API description

EasyVVUQ-QCGPJ Executor

Executor is the main object responsible for steering the configuration and parallel execution of selected EasyVVUQ tasks with QCG-PilotJob. The object needs to be tied to the already prepared instance of the EasyVVUQ campaign and therefore it takes it as the mandatory campaign parameter for the constructor.

The second (optional) parameter of the Executor’s constructor is config_file, which can be used to initialise the environment of tasks started by QCG-PilotJob. More information on this topic is presented in the section Passing the execution environment to QCG-PilotJob tasks

The next parameter is resume. By default it is set to True, which means that EQI will try to resume not completed workflow of tasks submitted to QCG-PilotJob Manager.

More on this topic is discussed in the section Resume mechanism

The last (optional) parameter is log_level that allows to set specific level of logging just for the EasyVVUQ-QCGPJ part of processing.

QCG-PilotJob Manager initialisation

The EasyVVUQ-QCGPJ Executor needs to be configured to use an instance of QCG-PilotJob Manager service. It is possible to do this in two ways:

  • The first and simpler option is to use create_manager() method that creates QCG-PilotJob Manager in a basic configuration. The method takes four optional parameters:

    • dir to customise a working directory of the manager (by default current directory)
    • resources to specify resources that should be assigned for the Pilot Job. If the parameter is not specified, the whole available resources will be assigned for the Pilot Job: it means that in case of running the Pilot Job inside a queuing system the whole allocation will be used. If the parameter is provided, its specification should be consisted with the format supported by Local mode of QCG-PilotJob manager, i.e. [NODE_NAME]:CORES[,[NODE_NAME]:CORES]...
    • reserve_core to specify if the manager service should run on a separate, reserved core (by default False, which means that the manager’s core will be shared with executed tasks)
    • log_level to set logging level for QCG-PilotJob Manager service and client parts.
  • The second and more advanced option is to use set_manager() method. This methods takes a single parameter, which is an instance of externally created QCG-PilotJob Manager instance.

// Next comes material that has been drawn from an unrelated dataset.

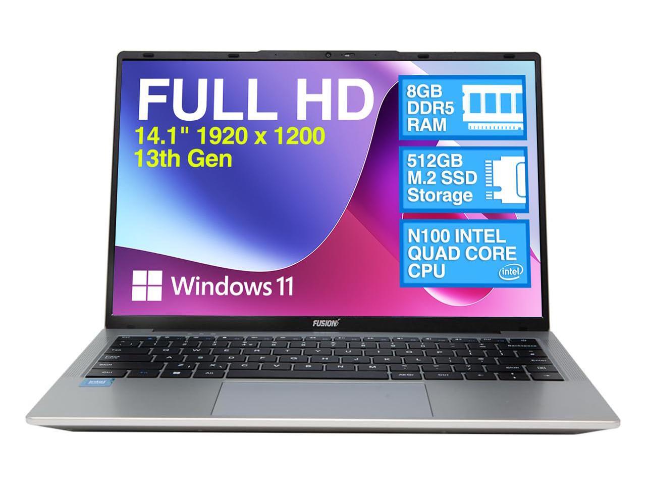 Fusion5 14.1" Windows 11 Full HD Laptop - 512GB SSD Storage, 8GB RAM, Quad-Core CPU, Dual-Band WiFi, USB 3.0, 14 Inch Display, Webcam
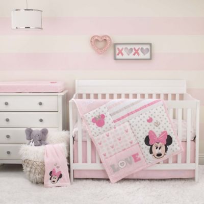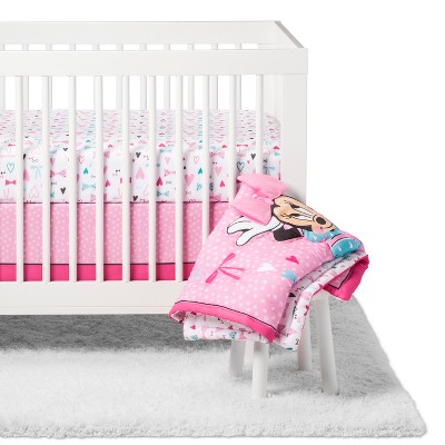 20 off Kids Toddler Baby License Apparel. The soft color palette and timeless design is sure to match most nursery decor. Disney Baby Minnie mouse pretty in pink 3 piece crib bedding set.

Don’t try to use this method unless you have very specific needs.

    For the reference go to: QCG-PilotJob documentation.

Task types

EasyVVUQ-QCGPJ supports the following types of Tasks that may be executed by QCG PJ Manager:

  • ENCODING: this Task is used for the encoding of a single sample.
  • EXECUTION: this Task is used for the execution of an application for a single sample. The constructor of this Task requires the application parameter to be specified with the value defining a command to run the application. The EXECUTION Task for a given sample depends on the ENCODING Task for the same sample.
  • ENCODING&EXECUTION: this Task is used for running both encoding and execution for a single sample. Similarly to the EXECUTION Task the constructor of this Task requires the application parameter to be specified with the value defining a command to run the application.

The addition of a Task to Executor does not condition its later use - this if the Task is actually used depends on a specific processing scheme that is selected for the execution in the run() method of Executor. In order to keep consistency of the environment only a single Task of a given type should be kept in the Executor.

Tasks requirements

Tasks defined for execution by the QCG-PilotJob system need to define their resource requirements. In EasyVVUQ-QCGPJ the specification of resource requirements for a Task is made directly via the Task’s constructor, particularly by its second parameter - TaskRequirements. This object may be inited with a combination of two parameters: nodes and cores. If the only specified parameter is cores, the Task will run on a specified number of cores regardless of their physical location (the cores can be distributed on many nodes). If there are two parameters specified: nodes and cores the Task will use the number of cores requested by cores parameter on each of the nodes requested by nodes parameter. Therefore, in order to have good efficiency, for the multicore Tasks it is advised to specify two parameters: nodes and cores (even if there is only a need to take one node).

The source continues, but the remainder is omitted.